= Natalie Christensen =

American photographer (born 1966)

Natalie Christensen (born 1966 in Owensboro, Kentucky) is an American photographer based in Santa Fe, New Mexico, United States. She has exhibited her photographs in the U.S. and internationally, including Santa Fe, New York, Brooklyn, Los Angeles, London, Berlin and Barcelona.

==Education==

Christensen received her BA Psychology from Western Kentucky University and her MSW Social Work from the University of Kentucky in 1991.

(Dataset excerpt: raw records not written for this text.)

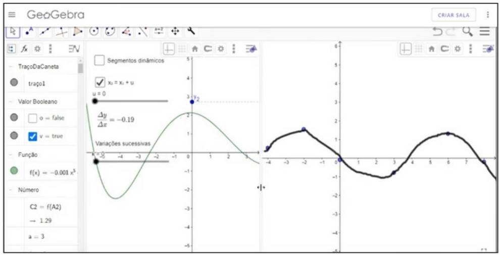 Também foi destacado o papel das ferramentas que permitiram a coordenação da covariação contínua, como a ferramenta de variação dinâmica entre Δx e Δy. Ao conectar dois valores da variável em x com os respectivos valores em y e permitir a variação dinâmica destes valores, esta ferramenta permitiu um suporte à coordenação dos valores de Δx e Δy, com Δx fixo. O papel da variação dinâmica e da conexão simultânea das representações foi um princípio de design fundamental em todos os materiais concebidos neste estudo. Tais características permitiram explorar os aspectos da covariação revelados por cada representação, interpretar os aspectos da forma do gráfico covariacionalmente, construir relações entre o comportamento do gráfico da função e o gráfico da sua taxa de variação, bem como entre o modelo algébrico e a variação da função.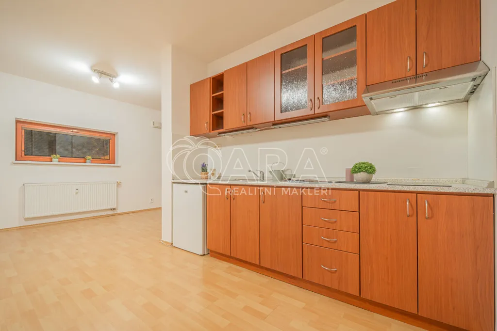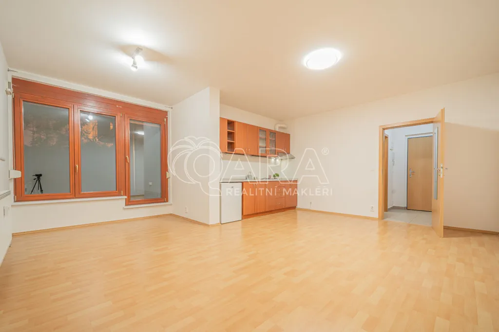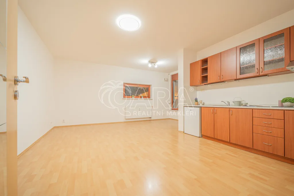 Byt se nachází v přízemí bytového domu z roku 2006. Dispozice je velmi praktická a efektivně využívá každý metr. V předsíni je velká šatní skříň a vstup do koupelny se sprchovým koutem a toaletou. Hlavní obytná místnost nabízí kuchyňský kout a dostatek prostoru jak pro spaní, tak pro obývací část.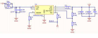 输入电压DC9V,输出电压3.3V,下图中紫色线为PG信号,黄色线为输出3.3V,上电一段时间,出现3.3V跌落至2.6V(图中有一个跌落,时间约70us),造成MCU复位是什么原因?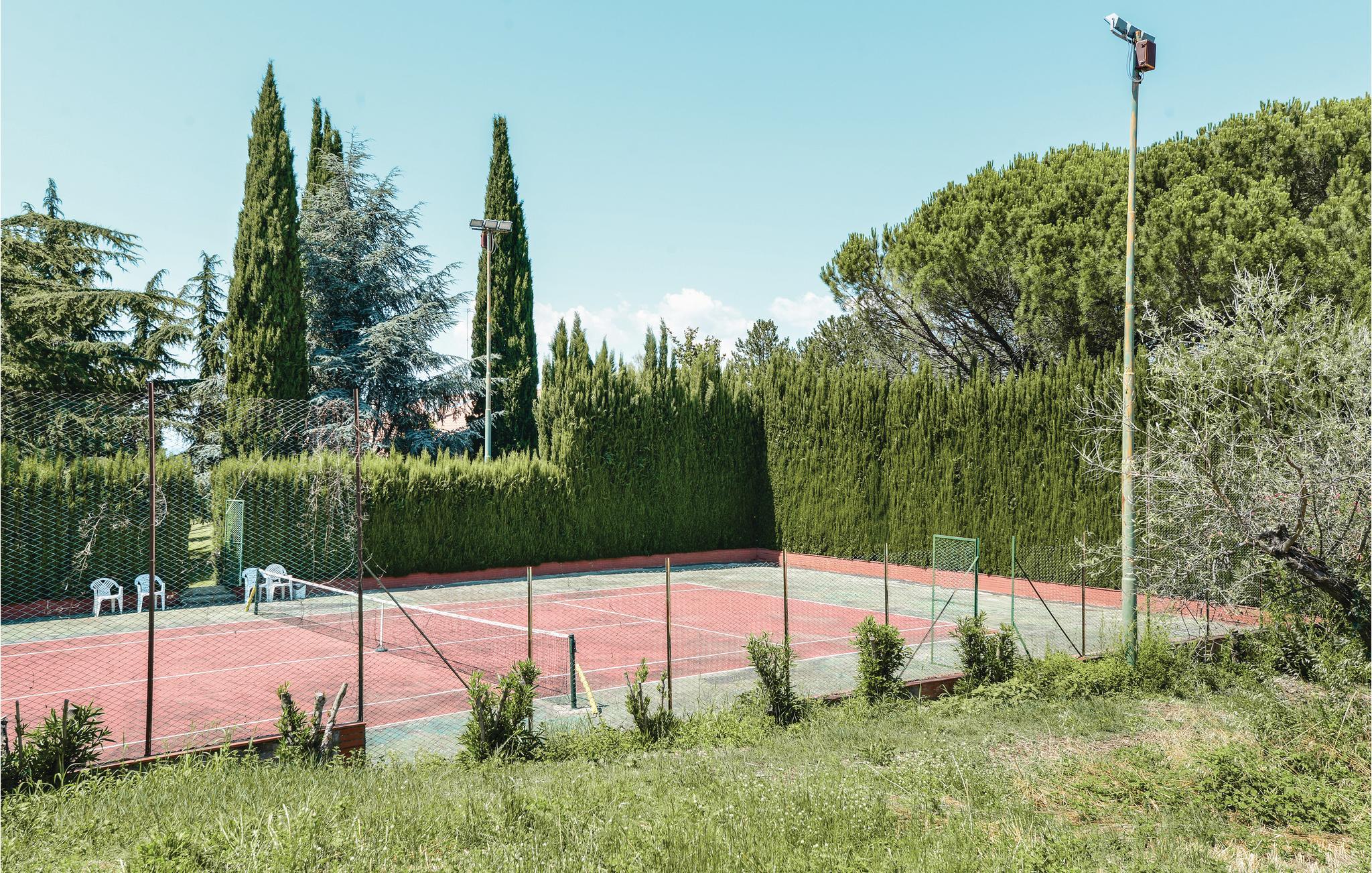 Huset har plads til to familier, hvor I har den ene halvdel af huset. Det stilfulde feriedomicil ligger i en frodig grøn have med udsigt over den omkringliggende dal. Ud over en fin græsplæne, er der en indbydende pool og en tennisbane, der alene deles med husets ejer, der bor i husets anden halvdel.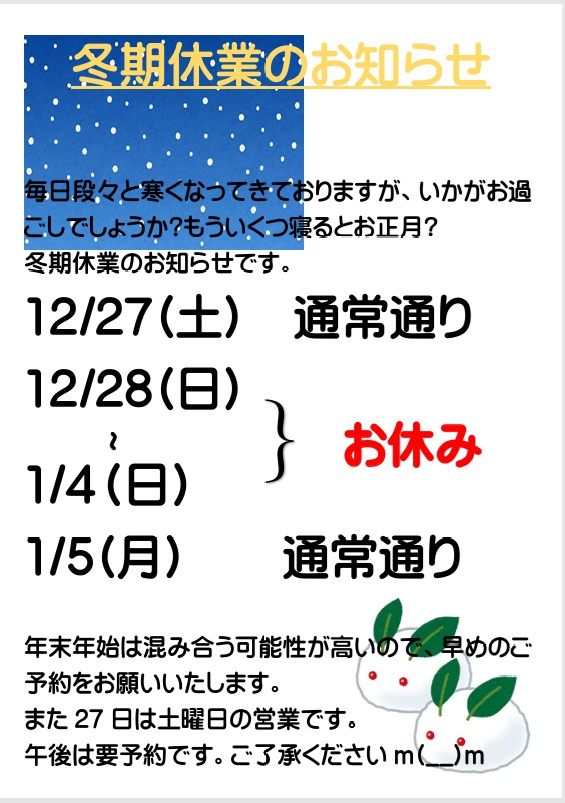 冬期営業日のお知らせ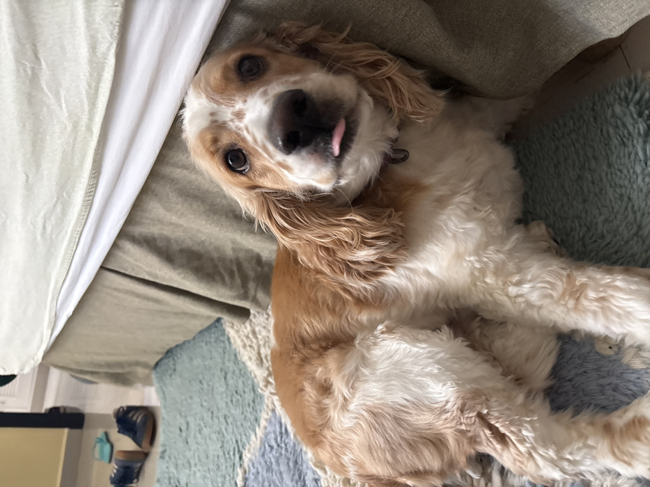 - "A tan and white Cocker Spaniel lies on its back, tongue playfully sticking out" by FM-20Tbw1, licensed under CC BY 4.0
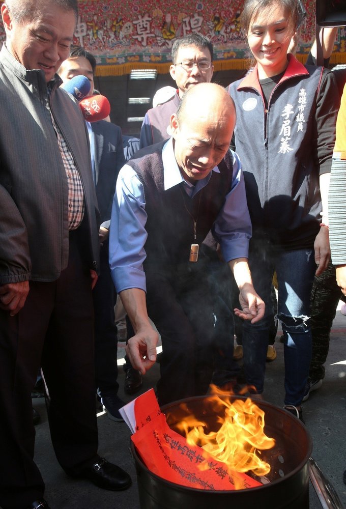 參拜結束後,韓國瑜與廟方主委在廟埕前合照,後方在修葺廟宇的工人從上方大喊「市長好」也一同入境,韓離去前,不少民眾衝上前與他合照、握手,還高喊「市長加油!」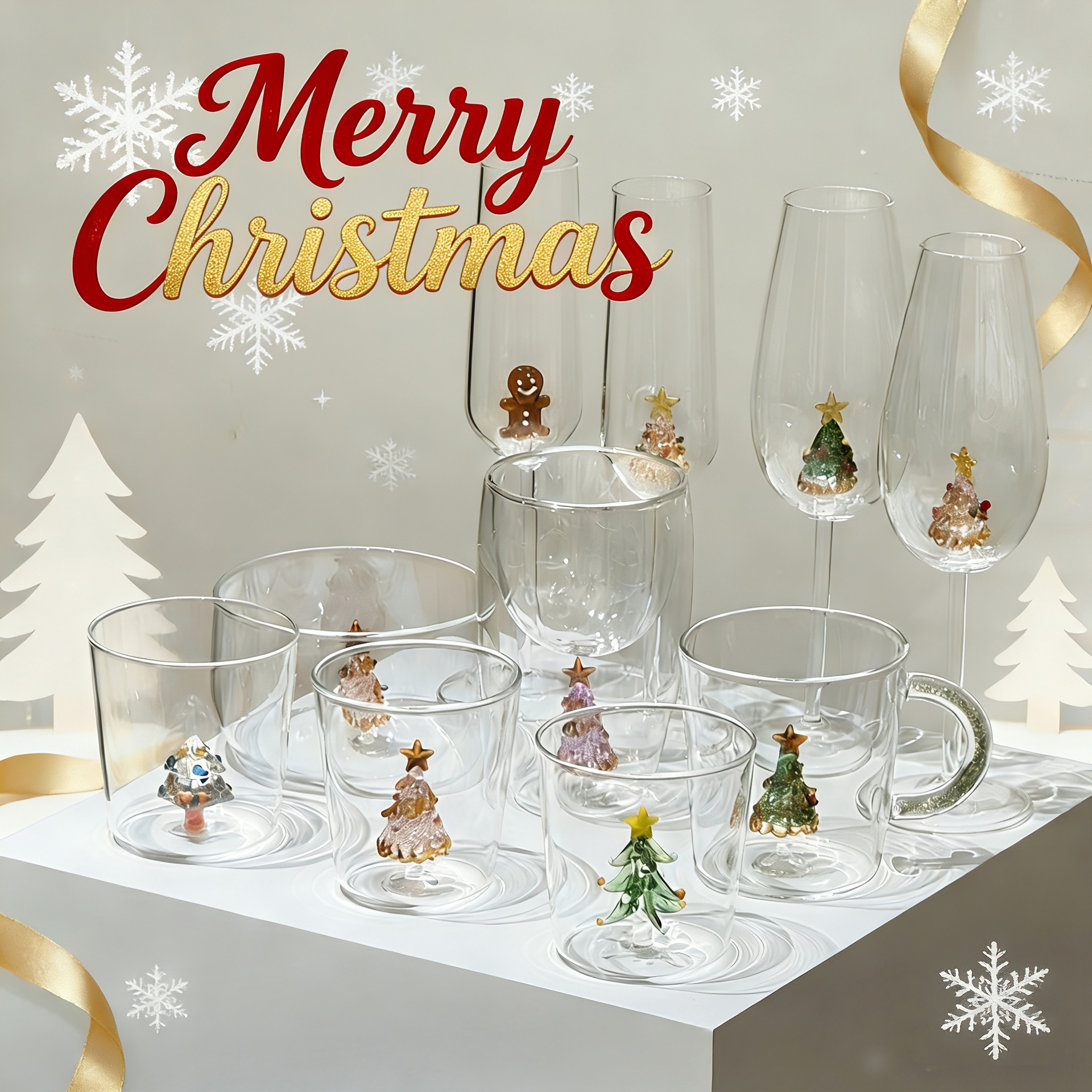 高颜值玻璃杯圣诞节日礼物高级感小众杯子耐高温家用高硼硅水杯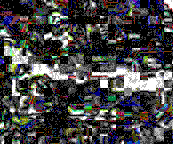 さらに,この “誇張差分” 画像を拡大表示で見ると,右のようなパターンが見えてきます.四角形のブロックパターンは 8 x 8 ピクセルです.パターン化とその乱雑さにちょっと驚くのですが,勘違いしないでほしいのは,この人工的なパターンは JPEG 画像そのものの中にあるのではなく,『圧縮前後の差分値を視覚化した画像の中にある』差分パターンです.つまり圧縮された JPEG 画像がこういうパターン化を実際に被っているわけではないことに注意してください.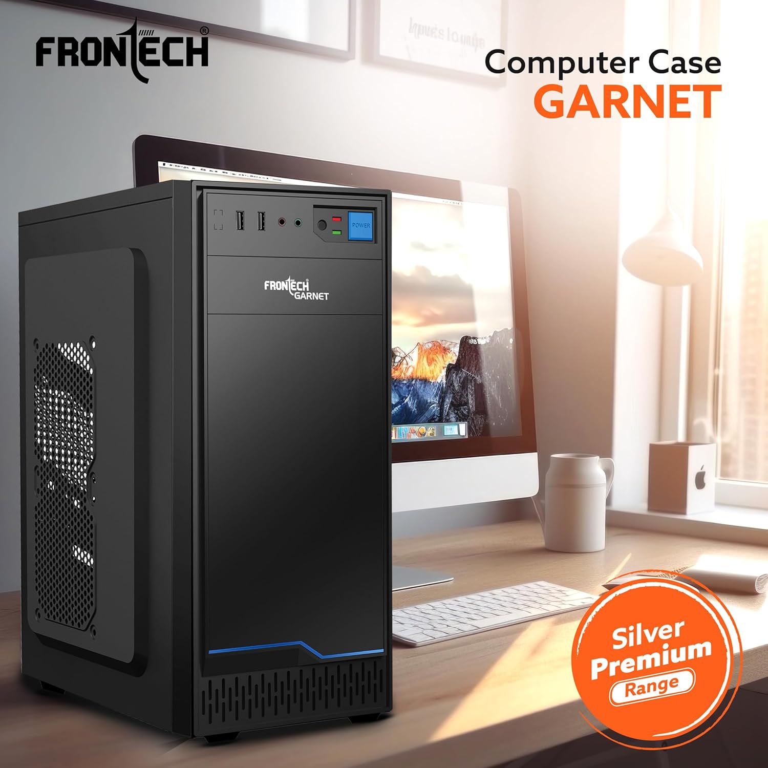 - FRONTECH Garnet Premium Silver Series Computer Cabinet with HD Audio | ATX/Mini ATX Compatible | Installed 1 x 80 mm Fan, 2 x USB 1.1 | Ideal for Home/Office/Gaming (FT 4323B, Blue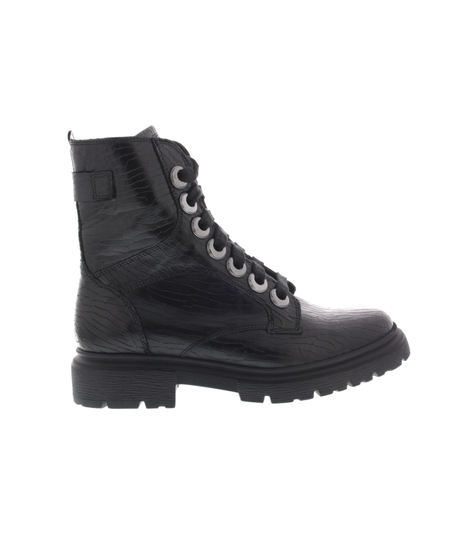 Durea dames boots, artikel 9809-755-1261 welke gemaakt is van zwart leer. Pluspunt is het extreem lichte gewicht van de schoen en prachtige reptielen bewerking in het leer. Beschikbaar met uitneembaar voetbed. De pasvorm valt breed door de K wijdte.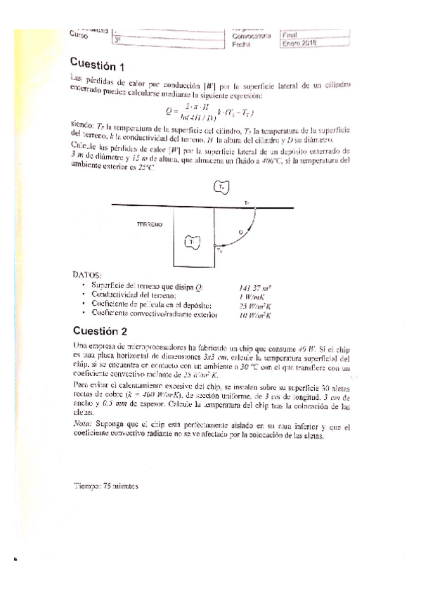 He publicado nuevos examenes de 3º Transmisión de Calor: Examen Enero 2018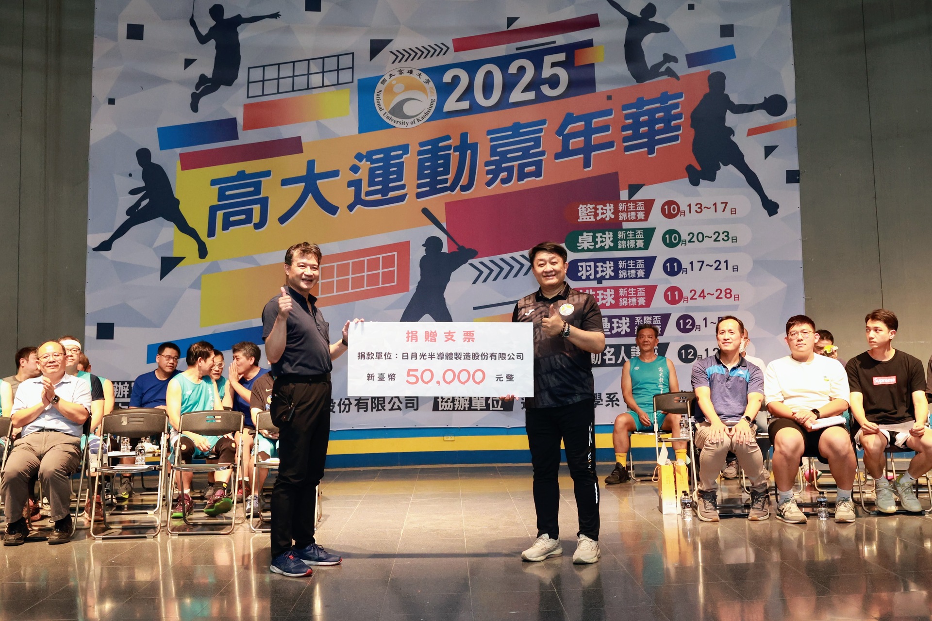 國立高雄大學「2025高大運動嘉年華」於13日晚間盛大開幕,活動為期兩個月,賽程涵蓋籃球、桌球、羽球、排球與慢速壘球等五大項目,吸引全校師生熱情參與。今年特別邀請日月光半導體製造股份有限公司設計工程處處長丁一權率隊出席,並代表企業捐贈新臺幣五萬元支持活動,展現產學共榮的合作情誼。開幕當晚氣氛熱烈,教職員籃球社與日月光籃球社的友誼賽率先登場,象徵學界與產業的互動與交流。

==Career in psychotherapy==

A licensed clinical social worker, Christensen worked as a psychotherapist for over 25 years. She was particularly influenced by the theories of depth psychologist Carl Jung.

==Photography==

The influence of her previous career in psychotherapy is evident in her photographs, as shadows and psychological metaphors are favored subjects. In Santa Fe, Christensen's work is inspired by commonplace architecture and streetscapes. Choosing to shoot in locations that may be viewed as uninspiring or even visually off-putting, she finds her images around shopping centers, apartment complexes and office parks. The challenge for her is to discover something transcendent hidden in plain sight. Scenes are stripped to color fields, geometry and shadow. They are an enticement to contemplate narratives that have no remarkable life yet tap into something deeply familiar to our experience evoking repressed desires and unexplained tension.

==Selected exhibitions==

Christensen's photography is represented in galleries in the US and UK. The Royal Photographic Society in Bristol, United Kingdom, recently presented her artwork in a traveling museum exhibition throughout the United Kingdom. Her work has been shown at museums and exhibition centers, including Coos Art Museum; Standard Visions Billboard, Los Angeles, California; High Desert Museum, Bend, Oregon; Fort Wayne Museum of Art, Indiana; University of New Mexico School of Architecture Gallery; Peckham Levels, London; Galerie Minimal, Berlin; and Blipoint Festival, Barcelona, Spain.

==Collections==

- Fort Wayne Museum of Art, Fort Wayne, Indiana
- University of Texas at Tyler, Tyler, Texas

==Recognition and awards==

- Chateau d'Orquevaux, France, International Artists & Writers Residency, 2021
- Lucie Foundation, Open Call finalist 2020
- Delegation to the UAE, Embassy of the United Arab Emirates in Washington, D.C. and Meridian International Center, Dubai Design Week – Fall 2019
- International Photography Awards (IPA), Honorable Mention 2019, Professional: Architecture
- 2018 Juried Exhibition Ten Artists to Watch curated by Leigh Gleason, Curator of Collections, California Museum of Photography for Los Angeles Center for Digital Art, March 8–31, 2018
- Contemporary Photography 2008–2018 juried by Kristen Gaylord, Beaumont and Nancy Newhall Curatorial Fellow in the Department of Photography, MoMA at Site Brooklyn Gallery, Brooklyn, NY July 13 – Aug 13, 2018
- The National 2018: Best of Contemporary Photography (one of 5 invited photographers), Fort Wayne Museum of Art, Fort Wayne, IN April – July 2018
- Honorable Mention 2018 Julia Margaret Cameron Award
- Purchase Award Winner Are these chairs taken?, 33rd Annual International Exhibition 2018, Meadows Gallery, University of Texas at Tyler
- Top finalist of 48,000 entries for the Smithsonian’s 2017 15th Annual Photo Contest
- Honorable Mention 2017 Chromatic Awards

==Workshops==

- Meow Wolf, Santa Fe, New Mexico. Frank Blazquez and Natalie Christensen – Photography Studio Workshop in the House of Eternal Return, June 1, 2019
- Royal Photographic Society, Birmingham, United Kingdom. IPE 161 Photography Workshop with Natalie Christensen, March 30, 2019

==Bibliography==

Recent publications featuring Christensen include, among others, Peripheral ARTeries, Magazine43 of Hong Kong, Philippines and Germany and LandEscape Art Review, United Kingdom, feature article, Fall 2019. She is the cover artist for the recent Field Guide, a guidebook for New Mexico arts.